**GIVEN RECORDS:**
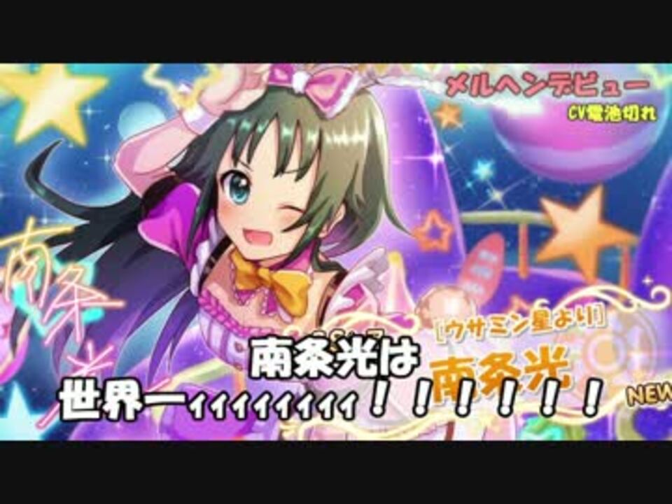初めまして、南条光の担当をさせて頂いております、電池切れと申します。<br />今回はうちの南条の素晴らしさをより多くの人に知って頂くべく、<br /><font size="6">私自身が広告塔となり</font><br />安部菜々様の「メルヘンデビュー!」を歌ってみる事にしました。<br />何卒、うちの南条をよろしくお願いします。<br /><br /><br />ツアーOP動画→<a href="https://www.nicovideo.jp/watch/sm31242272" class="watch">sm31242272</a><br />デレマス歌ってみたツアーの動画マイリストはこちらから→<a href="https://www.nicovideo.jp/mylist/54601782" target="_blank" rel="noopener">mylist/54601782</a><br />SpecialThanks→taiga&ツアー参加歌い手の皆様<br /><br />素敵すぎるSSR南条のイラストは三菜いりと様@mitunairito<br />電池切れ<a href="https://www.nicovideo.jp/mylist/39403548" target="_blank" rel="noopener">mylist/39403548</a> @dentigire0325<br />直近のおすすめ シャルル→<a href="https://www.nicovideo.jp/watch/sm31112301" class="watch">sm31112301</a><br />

--

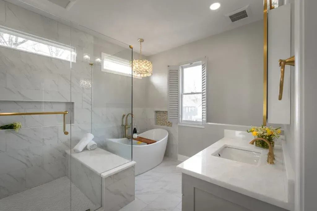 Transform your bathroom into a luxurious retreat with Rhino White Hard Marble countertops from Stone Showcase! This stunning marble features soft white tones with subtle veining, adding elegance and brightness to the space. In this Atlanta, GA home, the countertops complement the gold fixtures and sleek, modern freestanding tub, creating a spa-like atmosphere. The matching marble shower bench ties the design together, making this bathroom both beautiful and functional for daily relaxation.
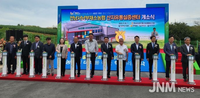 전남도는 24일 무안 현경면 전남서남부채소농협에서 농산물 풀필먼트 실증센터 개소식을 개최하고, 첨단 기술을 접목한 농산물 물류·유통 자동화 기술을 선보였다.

**WORK TO BE COMPLETED:**
Only the lines above starting with the line with "Transform your bathroom" and going on through the line with "전남도는 24일 무안" belong in the answer; repeat them exactly, minus any picture.

**ANSWER:**
 Transform your bathroom into a luxurious retreat with Rhino White Hard Marble countertops from Stone Showcase! This stunning marble features soft white tones with subtle veining, adding elegance and brightness to the space. In this Atlanta, GA home, the countertops complement the gold fixtures and sleek, modern freestanding tub, creating a spa-like atmosphere. The matching marble shower bench ties the design together, making this bathroom both beautiful and functional for daily relaxation.
 전남도는 24일 무안 현경면 전남서남부채소농협에서 농산물 풀필먼트 실증센터 개소식을 개최하고, 첨단 기술을 접목한 농산물 물류·유통 자동화 기술을 선보였다.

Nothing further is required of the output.